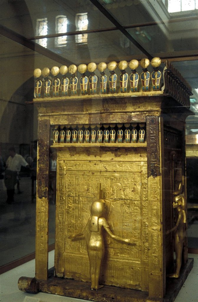 Armario de madera dorada que contenía el cofre canópico de Tutankamón. Museo Egipcio, El Cairo.
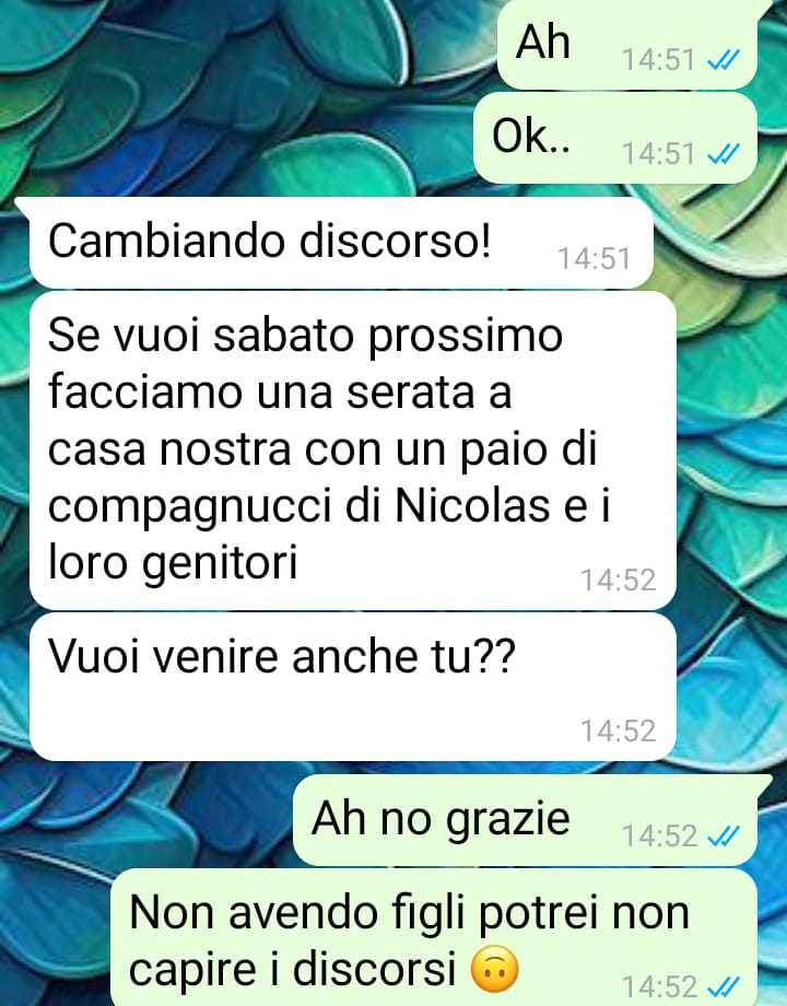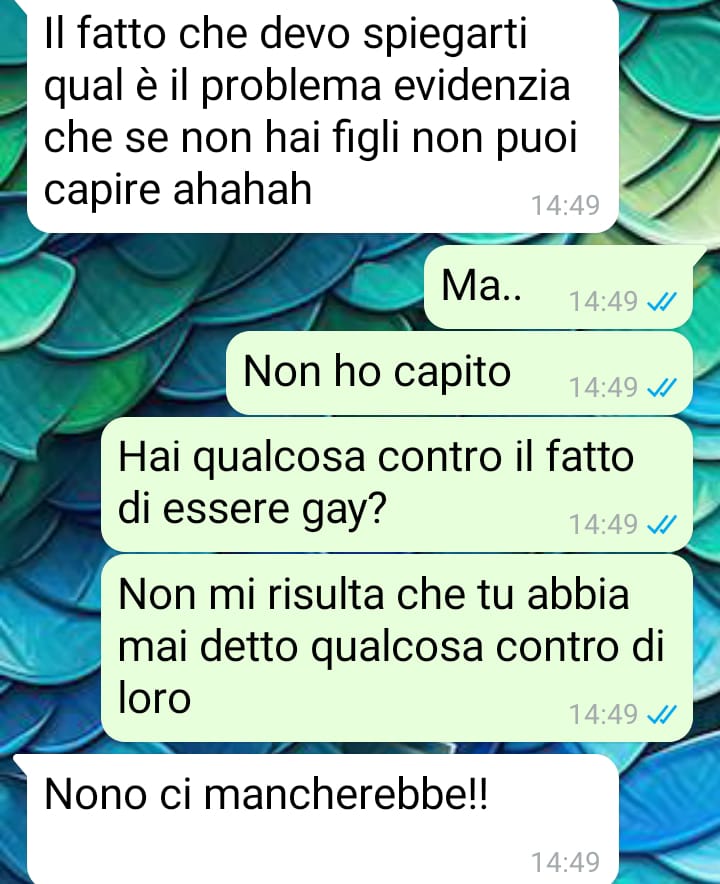 Cercando di esprimere con tatto il proprio punto di vista, la nostra amica ha ricevuto però una risposta che l’ha colpita per la sua durezza e per il tono giudicante. È rimasta particolarmente colpita non solo dall’atteggiamento dell’amica, ma dal fatto che esistano tante persone che condividono simili visioni estremiste e spesso poco razionali, specialmente nel ruolo delicato e importante di genitore. Questo episodio l’ha fatta riflettere su quanto sia difficile, a volte, mantenere rapporti sereni con chi ha un approccio alla vita così distante dal proprio, anche quando c’è affetto e una lunga amicizia di mezzo.
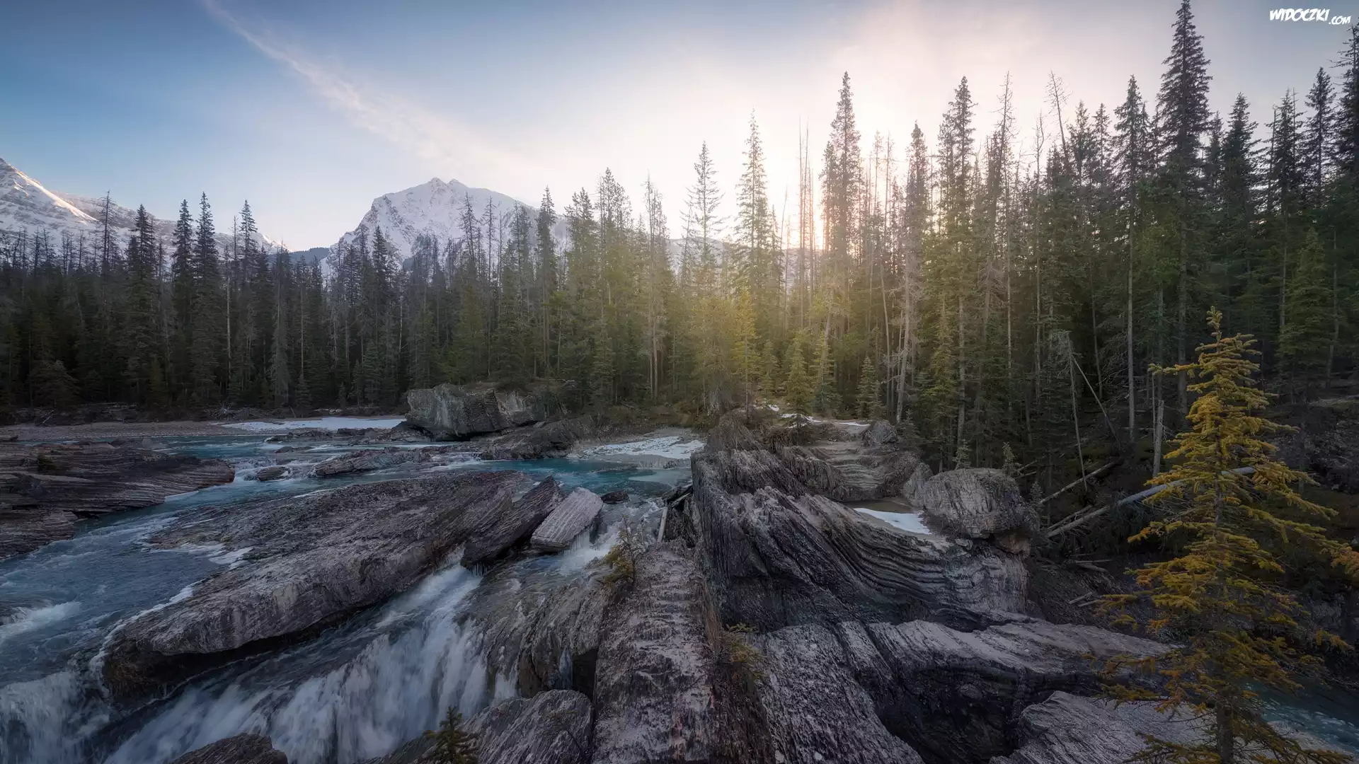 Zdjęcia, Góry, Canadian Rockies, Park Narodowy Yoho, Kolumbia Brytyjska Kanada, Drzewa, Las, Rzeka, Skały

════════════════════

What you will do: All of the data must be repeated exactly, except for the pictures.

Solution to the exercise:
 Armario de madera dorada que contenía el cofre canópico de Tutankamón. Museo Egipcio, El Cairo.
 Cercando di esprimere con tatto il proprio punto di vista, la nostra amica ha ricevuto però una risposta che l’ha colpita per la sua durezza e per il tono giudicante. È rimasta particolarmente colpita non solo dall’atteggiamento dell’amica, ma dal fatto che esistano tante persone che condividono simili visioni estremiste e spesso poco razionali, specialmente nel ruolo delicato e importante di genitore. Questo episodio l’ha fatta riflettere su quanto sia difficile, a volte, mantenere rapporti sereni con chi ha un approccio alla vita così distante dal proprio, anche quando c’è affetto e una lunga amicizia di mezzo.
 Zdjęcia, Góry, Canadian Rockies, Park Narodowy Yoho, Kolumbia Brytyjska Kanada, Drzewa, Las, Rzeka, Skały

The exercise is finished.